С Володей Машкевичем я помню смешную историю. Как-то в доме у Левы Гинзбурга сидели он, не помню точно — Алеша или Толя и я. В какой-то момент прозвучало случайно что-то по поводу моей национальности, и Володя вдруг вскочил и в гневе закричал:
— Герка-то — подлец!
Мы все остолбенели:
— Что случилось?!
— Он скрывал свою национальность!
Все мы дружно расхохотались: мол, о чем ты говоришь, что за вздор?
— Да, — продолжал изобличать меня Володя, — я как-то спросил его, кто он по национальности, и он сказал: «Конечно, американец».

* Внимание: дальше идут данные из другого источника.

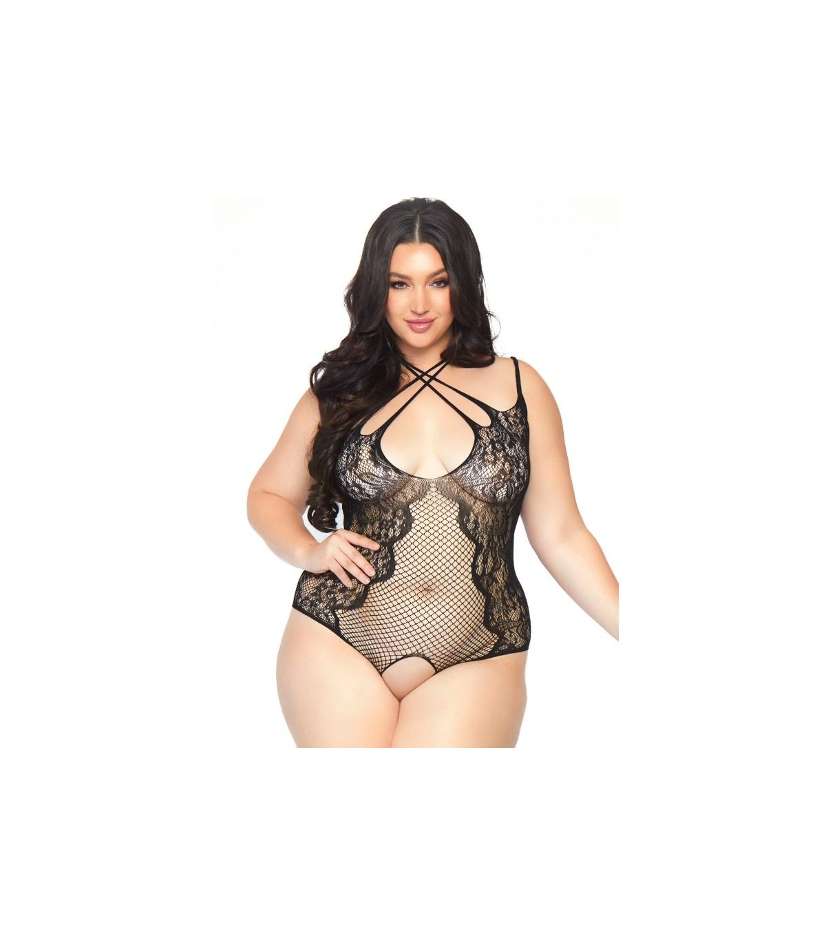 Body de red y encaje sin entrepierna con cuello halter de tirantes y tiras entrecruzadas en la espalda fabricado por la prestigiosa marca de lencería Leg Avenue. Con Leg Avenue reforzarás tu feminidad y obtendrás ese toque justo de seducción, sensualidad y elegancia.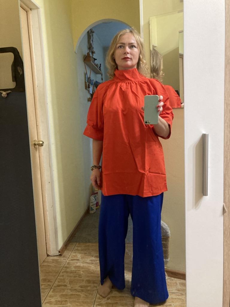Super! The color is bright, the tailoring is wonderful, just like in the picture, a very beautiful blouse.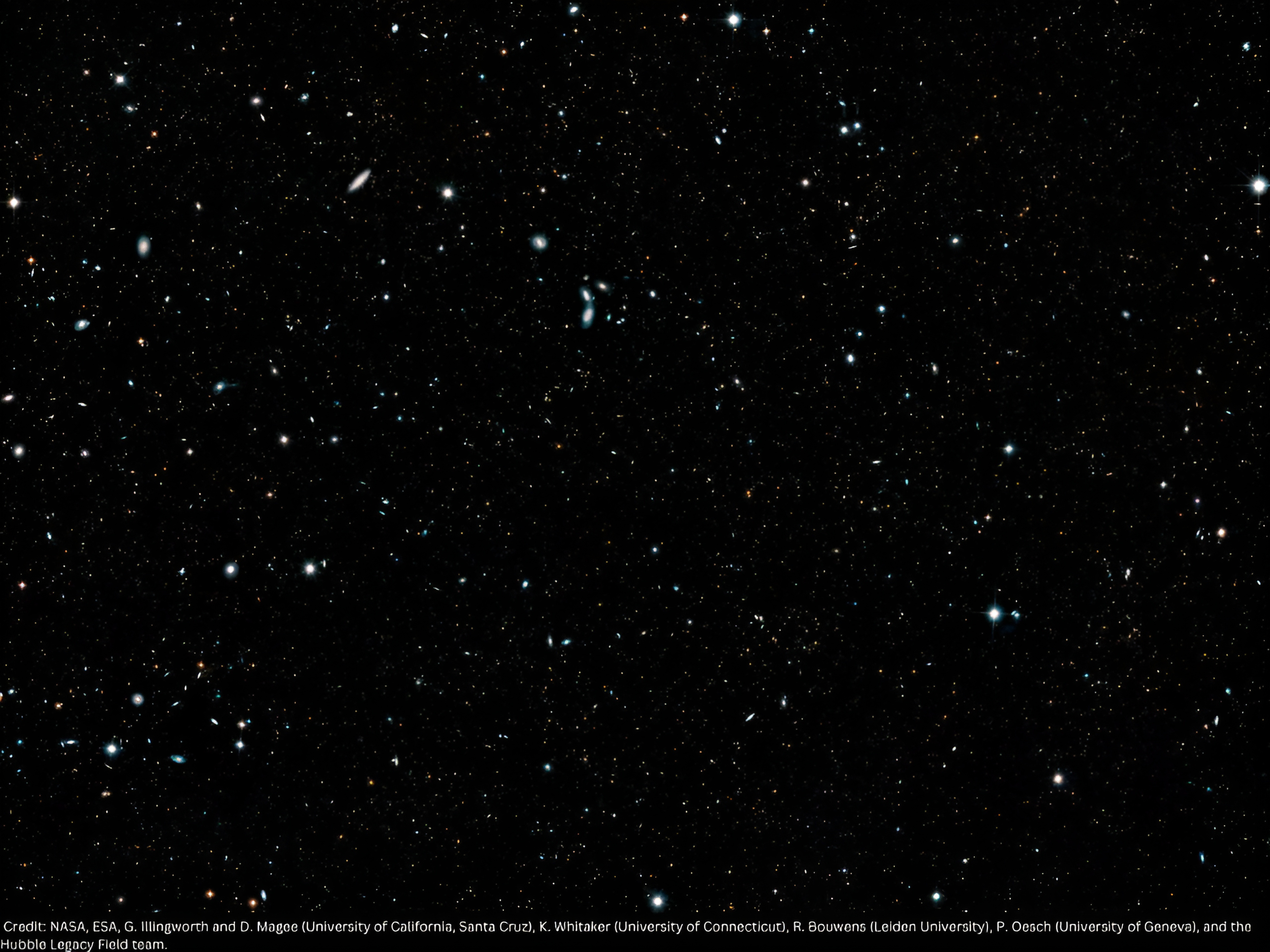 With each successive generation of improved scientific instruments – such as adding ultraviolet detection – Hubble reimaged areas of the sky creating gigantic mosaics of deep field images. The latest iteration, Hubble Legacy Field, combines 7,500 separate HST exposures representing 16 years of observations. It contains roughly 265,000 galaxies stretching back 13.3 billion years to just 435 million years after the Big Bang. In other words, it's the closest equivalent we have to a snapshot of the universe.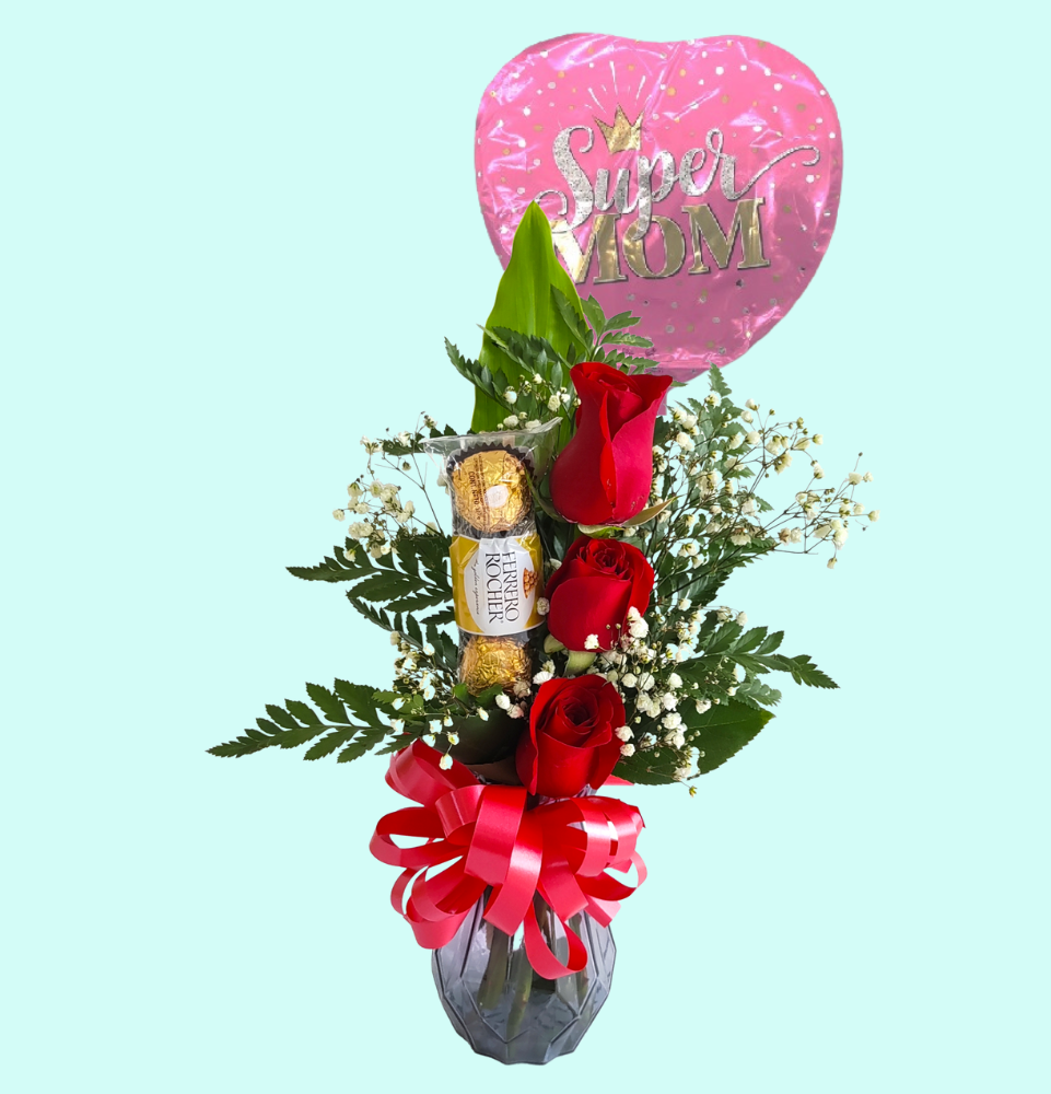 Florero de 3 rosas rojas, un detalle especial para este día de las madre, no olvides obsequiar y ordena ahora los mejores modelos aquí en tu Floristería en Panamá.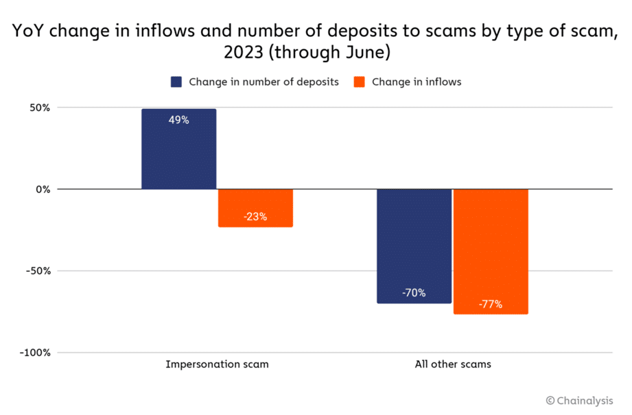 Esto sugiere que más personas han sido víctimas de estafas de suplantación en 2023, dice Chainalysis. “Incluso si la cantidad total perdida es menor”, agregó.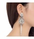Zilverkleurige oorclips met een witte stoffen bloem, kwast en strengen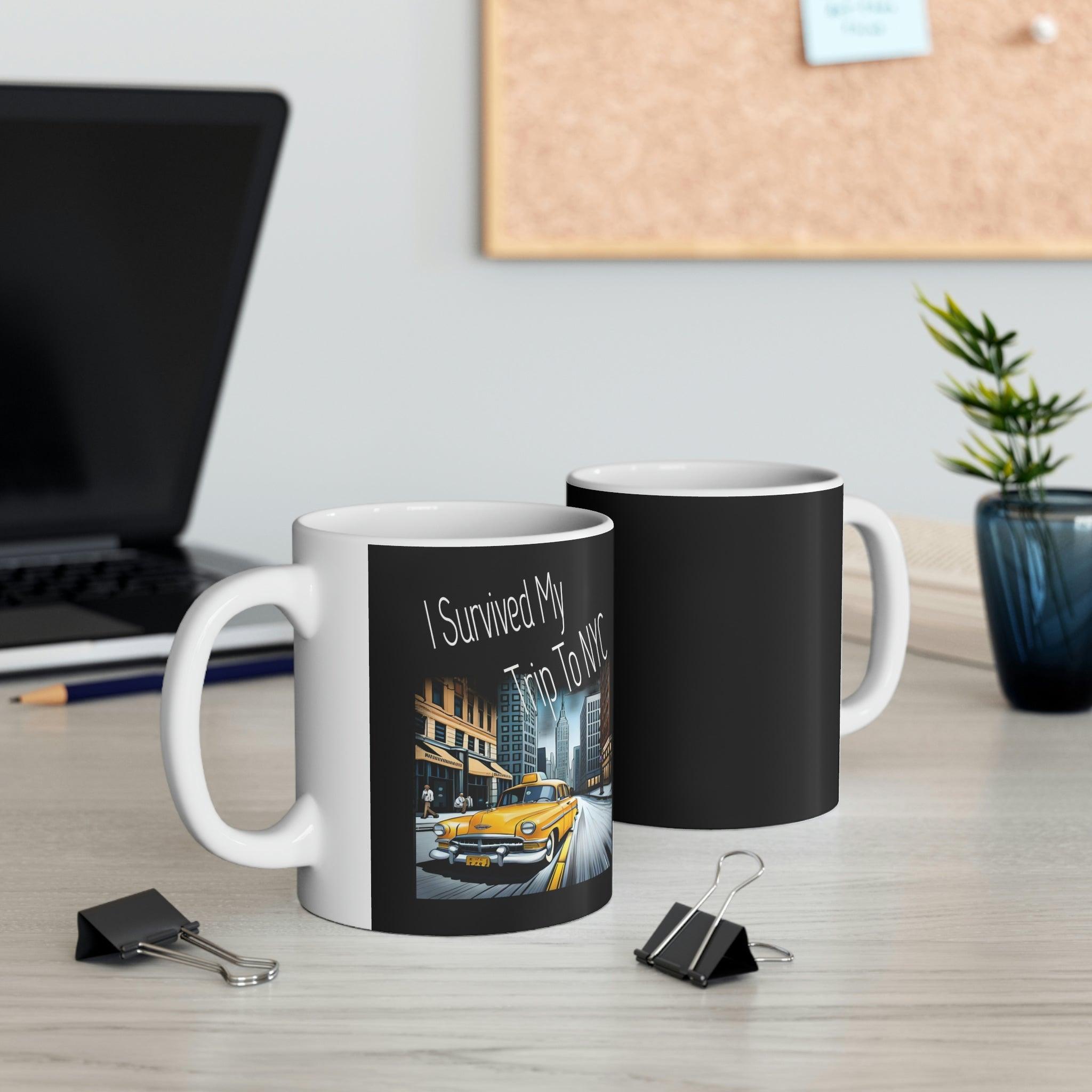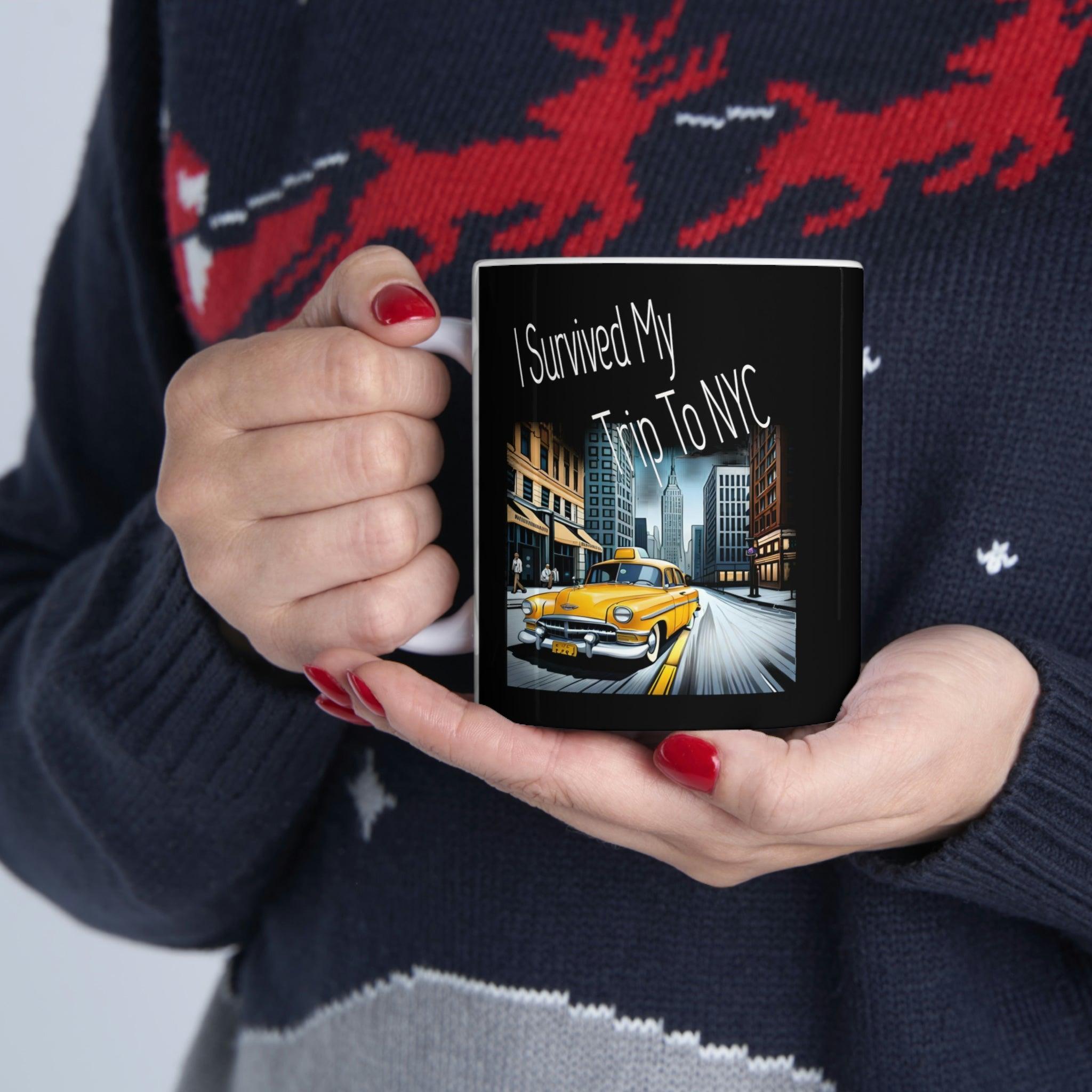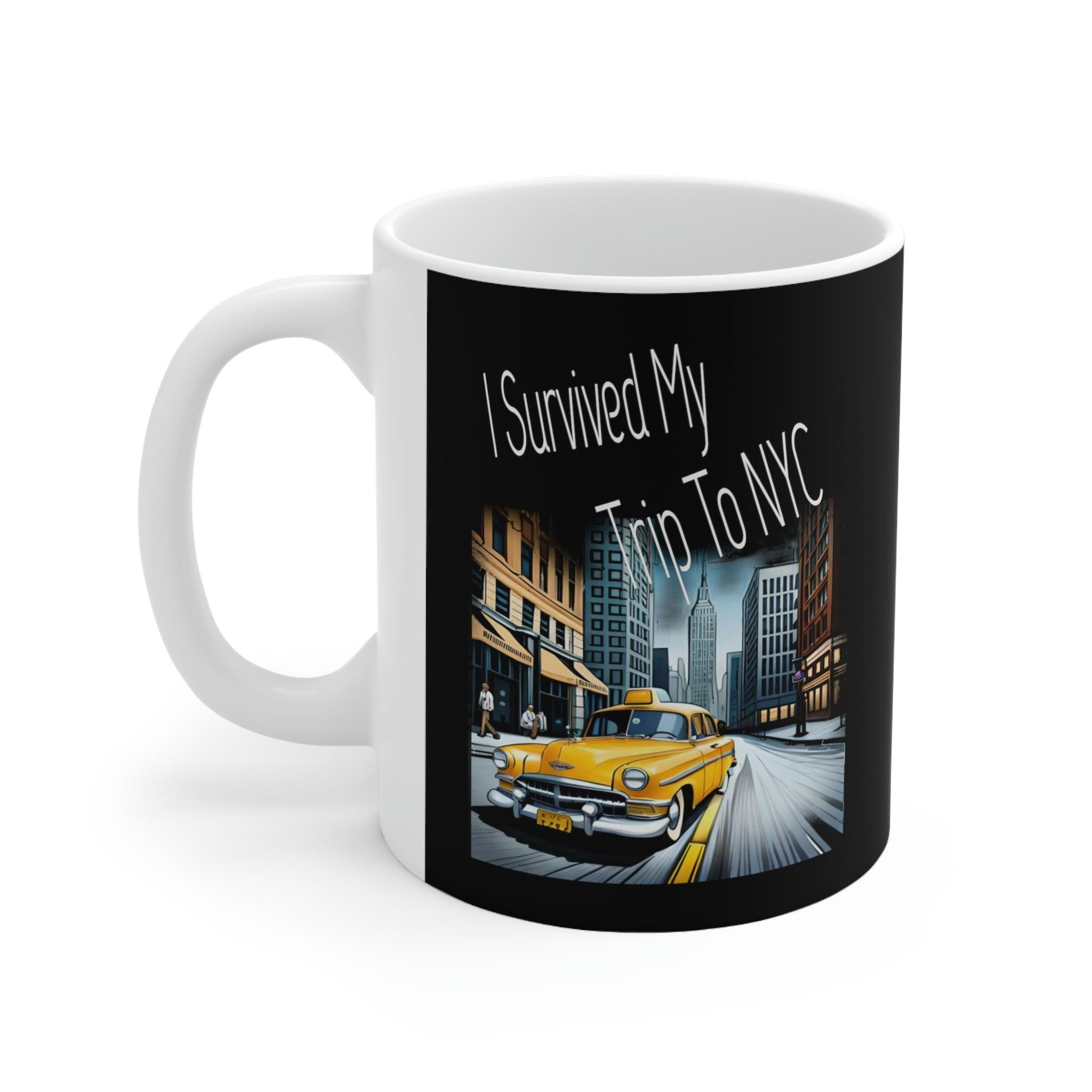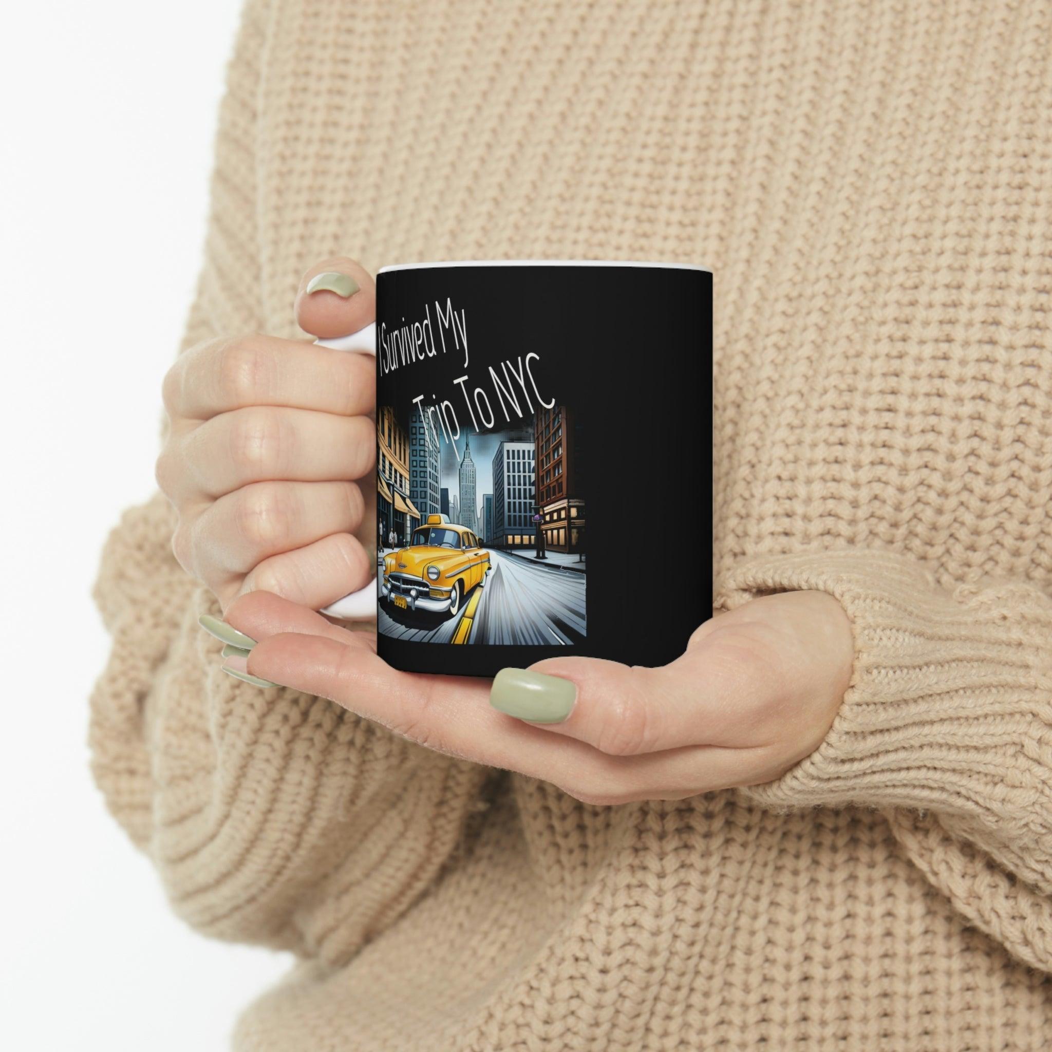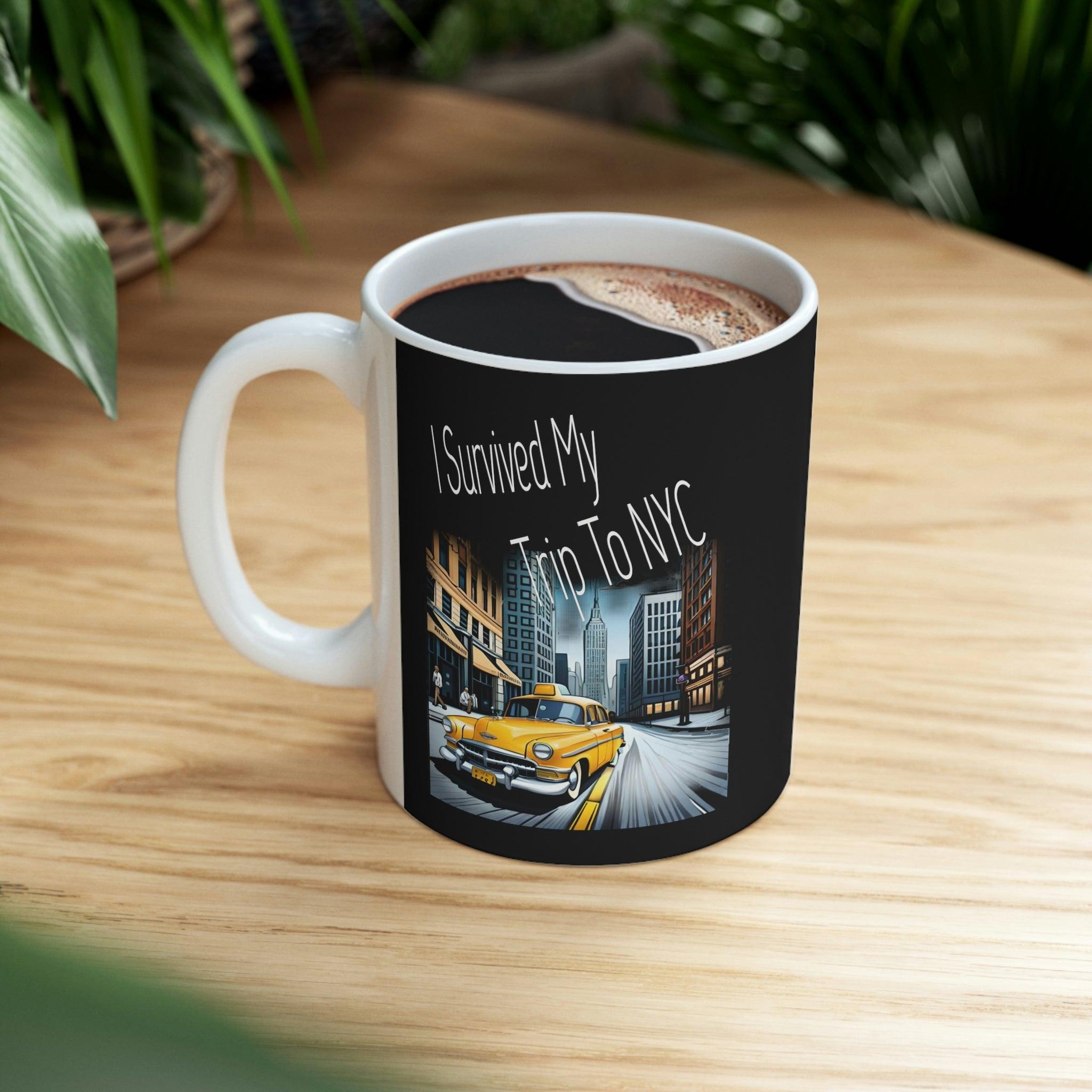his "I Survived My Trip to NYC" Mug is the perfect souvenir for anyone who has braved the hustle and bustle of New York City. Featuring iconic landmarks such as the Empire State Building, Statue of Liberty, and Times Square, this shirt is a great way to remember your trip to the Big Apple. This ceramic mug is of high-quality materials.. Whether you're a seasoned New Yorker or a first-time visitor, this mug is a must-have addition to your kitchen accesories. Use it on your next trip to the city or show off your love for NYC wherever you go. Get yours today and let everyone know that you survived your trip to the city that never sleeps!

После этого с Левкой просто была истерика. Он хохотал, у него лились слезы, мы все ему вторили, а Володя, недоумевая, озирал нас всех и долго не мог понять, что же тут смешного.
Мы очень много времени проводили друг с другом, не только во время учебы, но и вне школы, и летом в каникулы. Мы любили друг друга, ведь дружба сродни любви, но, как говорил Шота Руставели, «бескорыстней, чем любовь».
В классе мы сидели так: на предпоследней парте — Лева Гинзбург и Алеша Николаев, а на самой задней — Толя Ржанов и я. На уроках я часто отвлекался, болтал с кем-нибудь из своих друзей, играл с ними в морской бой или в слова. А в кабинете химии, где были большие длинные столы, мы сидели за одним столом все четверо.
Два моих друга были из музыкальной среды. Лева — сын известного пианиста, лауреата Государственной премии Григория Романовича Гинзбурга. Алешин отец — Александр Александрович Николаев — был профессором и одно время проректором Московской консерватории, по его учебнику «Школа игры на фортепиано» училось и продолжает учиться не одно поколение пианистов. Выросшие в семьях музыкантов, они безжалостно надо мной издевались и иронизировали по поводу моего «слухового аппарата». Например, однажды на уроке химии они уговаривали меня напеть начало Первого концерта Чайковского для фортепиано с оркестром, а я хоть и помнил, конечно, первые аккорды этого произведения, но напеть постеснялся, так как фальшивил отчаянно. Для моих друзей это стало поводом говорить об упадке культуры: мол, даже представители интеллигенции вроде Герки не знают знаменитый концерт!